You can slash a book. There are different ways to measure depth, but not many readers measure a book's depth with a knife, making a cut from the first page all the way down to the last. Why not, I wonder.
You can hand the knife to another person, betting with yourself how deep a wound he or she is willing to inflict. You can be the inflicter of the wound.
One half orange plus another half orange do not make a full orange again. And that is where my story begins. An orange that did not think itself good enough for a knife, and an orange that never dreamed of turning itself into a knife. Cut and be cut, neither interested me back then.
MY NAMES IS AGNÈS, but that is not important. You can go into an orchard with a list of names and write them on the oranges, Françoise and Pierre and Diane and Louis, but what difference does it make? What matters to an orange is its orange-ness. The same with me. My name could have been Clémentine, or Odette, or Henrietta, but so? An orange is just an orange, as a doll is a doll. Don't think that once you name a doll, it is different from other dolls. You can bathe it and clothe it and feed it empty air and put it to bed with the lullabies you imagine a mother should be singing to a baby. All the same, the doll, like all dolls, cannot even be called dead, as it was never alive.

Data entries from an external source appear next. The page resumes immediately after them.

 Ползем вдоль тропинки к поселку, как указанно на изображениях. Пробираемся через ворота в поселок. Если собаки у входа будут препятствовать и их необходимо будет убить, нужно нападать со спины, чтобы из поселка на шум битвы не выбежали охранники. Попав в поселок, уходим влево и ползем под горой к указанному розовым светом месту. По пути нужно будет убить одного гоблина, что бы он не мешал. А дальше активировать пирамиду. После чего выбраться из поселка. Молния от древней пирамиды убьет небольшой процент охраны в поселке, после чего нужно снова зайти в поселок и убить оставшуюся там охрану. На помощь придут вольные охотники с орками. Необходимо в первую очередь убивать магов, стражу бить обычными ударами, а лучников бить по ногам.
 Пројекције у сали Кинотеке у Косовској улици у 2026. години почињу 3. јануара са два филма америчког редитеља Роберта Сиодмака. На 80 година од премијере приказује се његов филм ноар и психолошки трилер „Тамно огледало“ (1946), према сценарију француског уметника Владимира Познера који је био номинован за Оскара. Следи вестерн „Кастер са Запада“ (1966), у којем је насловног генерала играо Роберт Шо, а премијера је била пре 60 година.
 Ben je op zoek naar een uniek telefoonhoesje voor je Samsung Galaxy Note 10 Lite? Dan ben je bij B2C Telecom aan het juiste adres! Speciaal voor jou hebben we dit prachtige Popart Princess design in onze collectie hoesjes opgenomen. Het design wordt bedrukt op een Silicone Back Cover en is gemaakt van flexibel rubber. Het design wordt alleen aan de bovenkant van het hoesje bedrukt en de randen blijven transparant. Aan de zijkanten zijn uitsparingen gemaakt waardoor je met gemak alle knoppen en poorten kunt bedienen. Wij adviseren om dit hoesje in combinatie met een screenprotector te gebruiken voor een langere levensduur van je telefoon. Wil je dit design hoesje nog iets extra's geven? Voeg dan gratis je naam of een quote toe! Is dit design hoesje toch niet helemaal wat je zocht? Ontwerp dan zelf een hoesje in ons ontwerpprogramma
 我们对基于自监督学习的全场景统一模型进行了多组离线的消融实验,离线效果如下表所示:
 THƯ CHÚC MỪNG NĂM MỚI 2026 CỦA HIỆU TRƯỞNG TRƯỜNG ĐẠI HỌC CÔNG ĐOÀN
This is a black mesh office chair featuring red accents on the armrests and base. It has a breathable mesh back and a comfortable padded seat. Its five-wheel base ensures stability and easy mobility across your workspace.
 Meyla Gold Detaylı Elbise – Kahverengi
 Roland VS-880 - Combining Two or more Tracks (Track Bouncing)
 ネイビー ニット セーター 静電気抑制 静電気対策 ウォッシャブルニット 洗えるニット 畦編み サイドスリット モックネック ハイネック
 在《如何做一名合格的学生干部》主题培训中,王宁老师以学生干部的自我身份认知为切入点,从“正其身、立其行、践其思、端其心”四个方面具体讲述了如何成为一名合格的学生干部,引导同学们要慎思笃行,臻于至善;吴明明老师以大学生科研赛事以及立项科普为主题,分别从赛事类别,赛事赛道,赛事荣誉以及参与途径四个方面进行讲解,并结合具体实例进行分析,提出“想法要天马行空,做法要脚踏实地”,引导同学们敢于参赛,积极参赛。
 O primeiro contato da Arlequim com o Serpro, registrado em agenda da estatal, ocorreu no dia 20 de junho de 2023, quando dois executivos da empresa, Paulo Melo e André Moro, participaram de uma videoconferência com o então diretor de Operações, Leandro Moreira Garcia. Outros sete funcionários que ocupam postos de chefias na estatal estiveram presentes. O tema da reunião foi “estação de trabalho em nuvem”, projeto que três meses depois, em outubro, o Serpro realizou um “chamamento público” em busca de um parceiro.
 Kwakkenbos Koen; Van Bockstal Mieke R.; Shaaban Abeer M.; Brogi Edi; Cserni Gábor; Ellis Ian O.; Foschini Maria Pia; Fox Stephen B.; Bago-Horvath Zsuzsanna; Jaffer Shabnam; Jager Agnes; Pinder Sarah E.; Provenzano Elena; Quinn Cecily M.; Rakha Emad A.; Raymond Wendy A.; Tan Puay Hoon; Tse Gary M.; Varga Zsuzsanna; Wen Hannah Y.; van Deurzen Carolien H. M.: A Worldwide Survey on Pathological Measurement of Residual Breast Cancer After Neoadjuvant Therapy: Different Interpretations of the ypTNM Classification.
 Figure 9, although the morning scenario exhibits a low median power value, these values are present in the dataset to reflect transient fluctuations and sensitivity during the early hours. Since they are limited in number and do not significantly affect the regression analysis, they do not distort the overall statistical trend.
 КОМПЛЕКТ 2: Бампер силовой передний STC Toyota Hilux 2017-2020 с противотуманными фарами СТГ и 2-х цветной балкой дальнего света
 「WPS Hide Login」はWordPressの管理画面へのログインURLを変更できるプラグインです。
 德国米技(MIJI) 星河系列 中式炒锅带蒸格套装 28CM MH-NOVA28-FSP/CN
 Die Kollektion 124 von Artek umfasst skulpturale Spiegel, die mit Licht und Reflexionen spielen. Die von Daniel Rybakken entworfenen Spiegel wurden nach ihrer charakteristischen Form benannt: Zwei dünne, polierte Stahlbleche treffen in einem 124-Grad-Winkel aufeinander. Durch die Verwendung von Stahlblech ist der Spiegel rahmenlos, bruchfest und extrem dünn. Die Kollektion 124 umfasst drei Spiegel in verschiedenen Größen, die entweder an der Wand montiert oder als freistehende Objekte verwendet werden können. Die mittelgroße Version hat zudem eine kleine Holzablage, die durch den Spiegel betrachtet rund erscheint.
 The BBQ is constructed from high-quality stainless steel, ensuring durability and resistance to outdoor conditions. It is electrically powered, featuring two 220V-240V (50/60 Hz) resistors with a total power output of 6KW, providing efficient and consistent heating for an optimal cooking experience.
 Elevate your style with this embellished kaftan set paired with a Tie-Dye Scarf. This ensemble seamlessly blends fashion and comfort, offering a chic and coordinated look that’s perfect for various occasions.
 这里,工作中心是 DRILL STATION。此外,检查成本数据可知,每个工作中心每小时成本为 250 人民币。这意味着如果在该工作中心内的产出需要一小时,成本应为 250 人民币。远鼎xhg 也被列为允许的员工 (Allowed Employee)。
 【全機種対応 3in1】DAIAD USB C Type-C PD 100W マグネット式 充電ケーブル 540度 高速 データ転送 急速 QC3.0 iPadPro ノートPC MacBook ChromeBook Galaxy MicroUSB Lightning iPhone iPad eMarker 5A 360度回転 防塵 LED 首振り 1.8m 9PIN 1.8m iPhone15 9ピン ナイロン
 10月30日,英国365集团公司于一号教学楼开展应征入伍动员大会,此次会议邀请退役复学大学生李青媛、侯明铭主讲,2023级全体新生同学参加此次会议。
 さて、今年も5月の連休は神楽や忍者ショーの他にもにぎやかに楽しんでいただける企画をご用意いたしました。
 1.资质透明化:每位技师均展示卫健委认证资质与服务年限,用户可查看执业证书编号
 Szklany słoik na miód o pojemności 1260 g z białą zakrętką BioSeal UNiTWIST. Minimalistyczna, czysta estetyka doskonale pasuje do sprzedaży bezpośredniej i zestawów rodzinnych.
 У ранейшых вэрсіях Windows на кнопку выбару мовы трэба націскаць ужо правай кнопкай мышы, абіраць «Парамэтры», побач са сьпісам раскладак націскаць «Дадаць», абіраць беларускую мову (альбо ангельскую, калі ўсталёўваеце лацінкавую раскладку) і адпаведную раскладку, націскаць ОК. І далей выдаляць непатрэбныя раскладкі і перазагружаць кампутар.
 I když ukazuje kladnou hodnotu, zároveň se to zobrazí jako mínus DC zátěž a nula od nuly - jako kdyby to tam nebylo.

The name you should pay attention to in this story is Fabienne. Fabienne is not an orange or a knife or a singer of lullabies, but she can make herself into any one of those things. Well, she once could. She is dead now. The news of her death arrived in a letter from my mother, the last of my family still living in Saint Rémy, though my mother was not writing particularly to report the death, but the birth of her own first great-grandchild. Had I remained near her, she would have questioned why I have not given birth to a baby to be added to her collection of grandchildren. This is one good thing about living in America. I am too far away to be her concern. But long before my marriage I stopped being her concern—my fame took care of that.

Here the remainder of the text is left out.